Buitenland12 mei 1999

Belgrado kraakt
argumenten NAVO
af voor VN-hof

DEN HAAG – Tien NAVO-landen hebben 10 uur spreektijd gehad voor het Internationaal Gerechtshof, maar hebben zich niet ingespannen om de wettigheid van het gebruik van geweld tegen Joegoslavië aan te tonen. Dit betoogde de Joegoslavische delegatie vanmorgen in haar weerwoord voor het VN-hof.

Belgrado wil dat het Internationaal Gerechtshof in een soort internationaal kort geding de NAVO-bombardementen op Joegoslavië verbiedt.

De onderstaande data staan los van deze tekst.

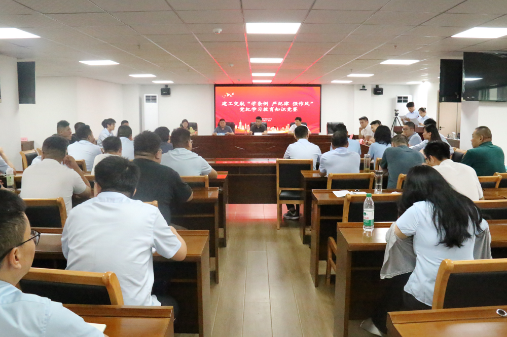 為深入推進(jìn)黨紀(jì)學(xué)習(xí)教育主題活動,教育引導(dǎo)黨員干部做到學(xué)紀(jì)、知紀(jì)、明紀(jì)、守紀(jì),以競賽形式檢驗(yàn)學(xué)習(xí)成果,6月19日,建工交航開展“學(xué)條例 嚴(yán)紀(jì)律 強(qiáng)作風(fēng)”黨紀(jì)學(xué)習(xí)教育知識競賽。公司黨委副書記、總經(jīng)理李登祥出席活動,黨委委員、副總經(jīng)理、工會主席王黎明致辭。公司機(jī)關(guān)黨總支書記、財務(wù)資產(chǎn)部部長李愛平、紀(jì)檢室負(fù)責(zé)人李衍、團(tuán)委書記李鳳祥及各代表隊(duì)領(lǐng)隊(duì)、隊(duì)員共計50余人參與此次活動。

Daartoe heeft het tien NAVO-landen, waaronder Nederland, voor het hoogste rechtscollege in de wereld gedaagd.

De NAVO-landen probeerden de achterliggende dagen de Joegoslavische klacht te laten afketsen op formele gronden: de Federatieve Republiek Joegoslavië (FRJ) is geen VN-lid en de klacht voor het VN-hof is niet ontvankelijk, zo werd herhaaldelijk betoogd.

Namens Joegoslavië voerde de Britse hoogleraar internationaal recht Ian Brownlie aan dat de NAVO-landen „achterwege hebben gelaten de legaliteit van het gebruik van geweld aan te tonen in een zaak waar dat de centrale kwestie is.”

Het bondgenootschap beroept zich op een recht op „humanitaire interventie.” België heeft zelf toegegeven dat het hierbij om een „langzaam opkomend”, nieuw beginsel in het internationale recht gaat, aldus Brownlie. Andere delegaties gebruikten de term „humanitaire ramp” om een „noodzaak” tot interventie aan te tonen.

Het VN-handvest verbiedt het gebruik van geweld als er geen sprake is van al dan niet collectieve zelfverdediging of van een machtiging op basis van een resolutie van de Veiligheidsraad.